La croissance de la productivité horaire ou et de la productivité par personne diminue depuis 45 ans. La productivité par personne dépend du stock de capital par personne et de la productivité globale des facteurs[1] (PGF, l'efficacité du couple travail/capital). La PGF stagne en France depuis 15 ans alors qu'elle a continué à augmenter aux USA et en Suède.

On retrouve cette tendance à la baisse de la croissance de la productivité dans l'analyse par secteur d'activité, à l'inverse des USA ou de l'Allemagne.
Cette baisse de la productivité n'est pas due à la réduction du temps de travail (même tendance pour la productivité par personne et pour la productivité horaire) ni au poids (quasi-équivalent avec les USA) du secteur des technologies de l'information.

Les Causes possibles :

Recul de l'industrie manufacturière ?
Cette cause est limitée car, finalement la part de l'industrie dans le PIB a seulement diminué de 6 % à prix constant entre 2000 et 2007.

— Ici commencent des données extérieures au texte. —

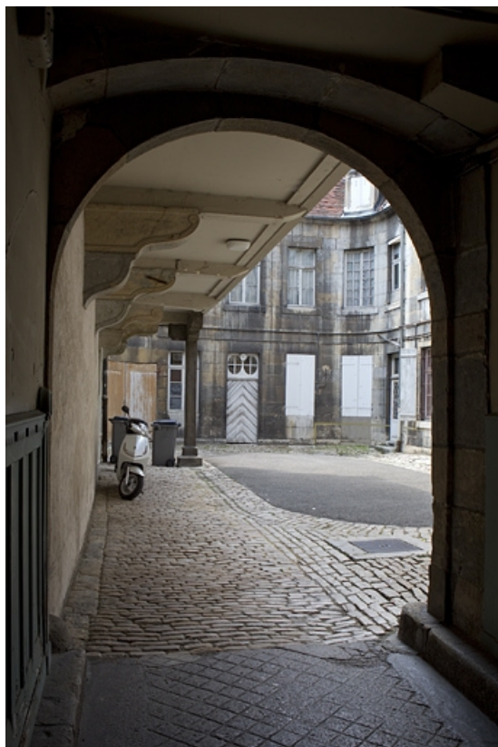
Vue d'ensemble de la cour depuis le passage cochier.

25, Besançon, 46 rue des Granges, lieudit : îlot Saint-Pierre
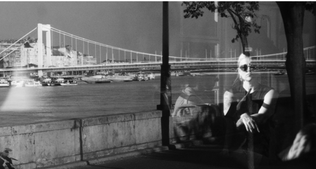
Cedric af Geijersstam: Elizabéth – Egy lány tükröződése a villamoson , 2021

Cedric af Geijersstam svéd és magyar szülők gyermeke, 1994-ben született Stockholmban. Nagy-Britanniában folytatott tanulmányai és megszerzett diplomája után a Magyar Újságírók Országos Szövetségénél tanult fotózni, 2022-ben a Főfotó Galériában, Budapesten volt egyéni kiállítása. Gyerekként sok időt töltött Budapesten, és az urbánus lét, a heterogén várostapasztalat nyújtja fotóinak alapélményét ma is. Geijersstam azonban nem egyetlen koncepció, vagy csupán valamilyen koncepció mentén fotózza a várost és lakóit, hanem megtalált, érdekesnek tűnő részletek, csoportok, látképek egyesülnek monokróm fotográfiáiban. Analóg és digitális fotóin a főszereplő az ember – városi környezetben. Más szavakkal: fő témája az ember urbánus mindennapjai. Hogy ezekre a helyzetekre ráleljen, és fotografikus kompozícióvá tegye őket az avantgárd fotó és a street photo hagyományát, a banális helyzeteket fotózó Stephen Shore látásmódját követi. A fiatal alkotó fotói könnyed, fiatalos világot tükröznek, némi kellemes retró érzéssel; vasaló nője például a nyolcvanas évek Budapestjére emlékeztet. Talán ennek az is az oka, hogy a digitális fordulat és a CGI fotóművészetre gyakorolt hatását felismerve, és arra reflektálva Cedric af Geijersstam inkább az analóg

Sous investissement en capital productif ?
En France, l'investissement brut (donc comprenant la construction) est fort, tandis que l'investissement productif (machines, équipements, logiciels) est dans la moyenne des pays de l'OCDE. Mais les études de l'INSEE montre que l'investissement a surtout servi à remplacer les capacités existantes plutôt qu'a installer de nouvelles technologies. Ainsi, La robotisation est très en retard par rapport à l'Allemagne, les USA ou la Suède. Cependant, ce faible investissement en technologie peut être relié à la faible part de l'industrie dans le PIB.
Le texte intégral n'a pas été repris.